La collection doit être examinée de temps à autre pour vérifier son état de conservation, la réapprovisionner en insectituge et remédier sans retard aux dégâts éventuels.

L'attaque des parasites se décèle par la présence de leurs crottes, et de la poussière et des écailles qu'ils font tomber, Le ou les individus attaqués doivent être sortis et placés, pendant plusieurs jours, dans un grand pot à cyanure ou dans un récipient fermant bien ,contenant une forte dose de paradichlorobenzène. Ils doivent ensuite rester isolés quelque temps dans une boîte, avec un peu de paradichlorobenzène, avant d'être réintégrés en collection.
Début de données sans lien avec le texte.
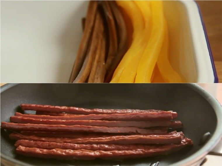 Hướng dẫn sử dụng: Thịt hem cắt sợi dùng để làm nguyên liệu cho món Kimbap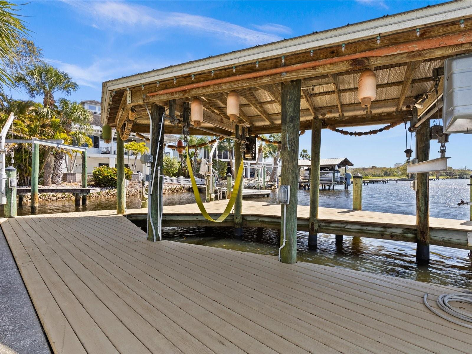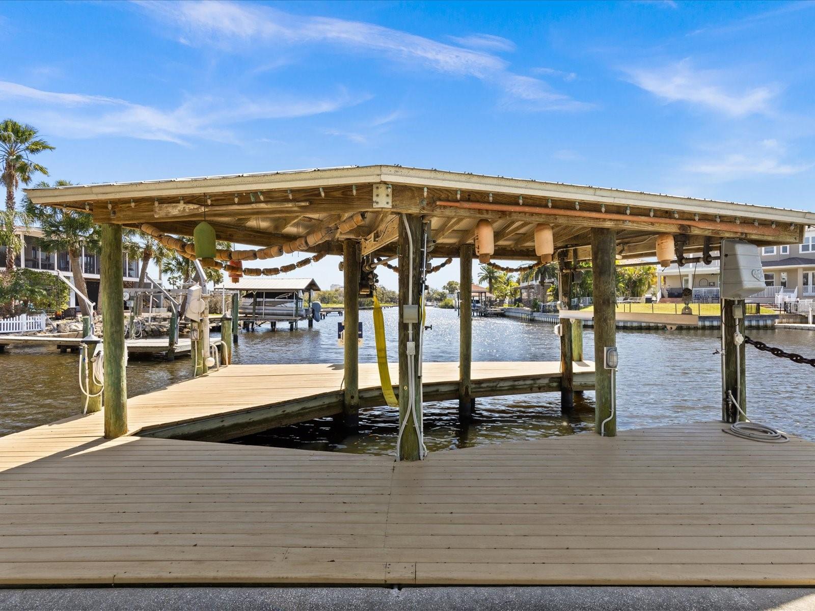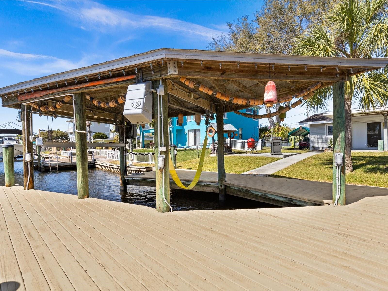 Experimente o epítome da vida à beira-mar da Flórida nesta casa excepcional! Situada ao longo de um amplo e profundo canal de água com 25 metros de orla marítima, esta residência oferece um cais privativo coberto com elevador para barcos e vistas deslumbrantes sobre o mar, proporcionando acesso direto aos igarapés, ao Rio Anclote e ao Golfo do México. Idealmente localizada perto do centro de Tarpon Springs, esta casa encantadora e meticulosamente mantida possui dois quartos e dois banheiros. A propriedade inclui uma garagem para um carro, uma garagem estendida e de tamanho generoso com uma garagem coberta removível que seria ótima para estacionamento de barcos e trailers, inundando a casa com luz solar natural e vistas para o mar de quase todos os cômodos. A cozinha se destaca, com armários de madeira, abundantes bancadas em granito e prateleiras extensíveis na despensa. Aconchegue-se ao redor da lareira de pedra a lenha nas noites frias, saboreando chocolate quente. A casa está equipada com sistemas elétricos de última geração, uma conveniente passarela de sótão de 3 pés de largura para armazenamento, sistema de irrigação e janelas contra impactos de furacões. Entre no grande pátio coberto para apreciar as amplas vistas para o mar, perfeitas para entretenimento com uma área de churrasqueira separada coberta, um chuveiro ao ar livre e um galpão versátil. O espaçoso quintal oferece amplo espaço para brincar ou adicionar uma piscina. A doca coberta e o elevador para barcos atendem aos entusiastas da navegação, permitindo fácil acesso a ilhas-barreira, aventuras de pesca ou cruzeiros relaxantes ao pôr do sol diretamente do quintal. Convenientemente localizado perto de lojas, restaurantes, Fred Howard Park Beach, Sunset Beach e das mundialmente famosas Sponge Docks, oferecendo uma variedade de culinária grega e outras delícias culinárias. Aproveite esta oportunidade para um estilo de vida à beira-mar que combina conforto, charme e localização privilegiada! O ELEVADOR DE BARCO HVAV 2023 ACOMODARÁ 12.000 LBS POR PROPRIETÁRIO

La moisissure forme sur les papillons un feutrage plus ou moins dense qu'on n'élimine jamais complètement, dans les cas graves, car le mycélium pénètre sous les écailles. On s'en débarrasse, au moins partiellement, de la manière suivante: bien faire sécher le papillon, puis le brosser doucement, dans le sens des écailles, avec un pinceau fin, souple, bien sec. S'il reste des traces trop visibles, y passer légèrement la pointe du pinceau trempé dans l'éther sulfurique. Ne pas trop insister pour ne pas enlever les écailles.

Arrangement

La disposition généralement adoptée consiste à aligner les papillons les uns au-dessus des autres, en lignes verticales rapprochées et parallèles, les individus de même sexe groupés ensemble. Les rangées ainsi constituées peuvent être séparées les unes des autres par des fils ou des cordonnets tendus par des épingles. Une étiquette fixée au fond de la boîte, au-dessous du dernier exemplaire d'une espèce, porte le nom de cette espèce. En tête de rangée, on placera une étiquette avec le nom du genre. De même, une étiquette avec le nom de la famille peut être mise en tête de celle-ci. Certains entomologistes ajoutent, à chaque individu, une étiquette de détermination portant le nom de l'espèce et l'indication du sexe. C'est une méthode excellente, mais employée surtout par les spécialistes.

Echanges

Comme il est. sinon impossible, du moins très difficile de capturer soi-même toutes les espèces, on a recours, pour combler les vides d'une collection, à des achats ou à des échanges entre collègues. Les échanges se font habituellement sur la base de la valeur commerciale relative des espèces.

Expéditions

Les papillons en papillotes s'expédient dans des boites quelconques,pourvu qu'elles soient assez solides pour supporter le voyage. Il suffit d'empiler les papillottes bien à plat et de les caler avec un peu d'ouate. Les papillons étalés ou piqués ne voyagent bien qu'au prix de certaines précautions. Ils doivent bien tenir sur le liège du fond de la boîte qui les contient. Ceux à corps volumineux seront maintenus par des épingles de chaque côté. Un corps qui se détache en route fonctionne comme un projectile et cause de grands dégâts. Pour limiter des accidents éventuels, il est bon de garnir le fond de la boîte d'une mince couche d'ouate, fixée d'une manière ou d'une autre (colle épingles, etc.). Il est également avantageux de coller, sur l'ouverture de la boîte, une feuille de cellophane qui permet à la Douane ou aux Postes d'examiner le contenu sans risque de casse. La boîte contenant les papillons préparés doit être placée dans une autre, plus grande, dans laquelle on la cale, sans trop serrer avec du coton, de la fibre de bois, etc. Il ne faut jamais faire voyager les papillons préparés sans ce double emballage. On ne doit jamais non plus laisser dans la première boîte de boule de naphtaline ou autre chose capable de se dépiquer et de causer des dommages.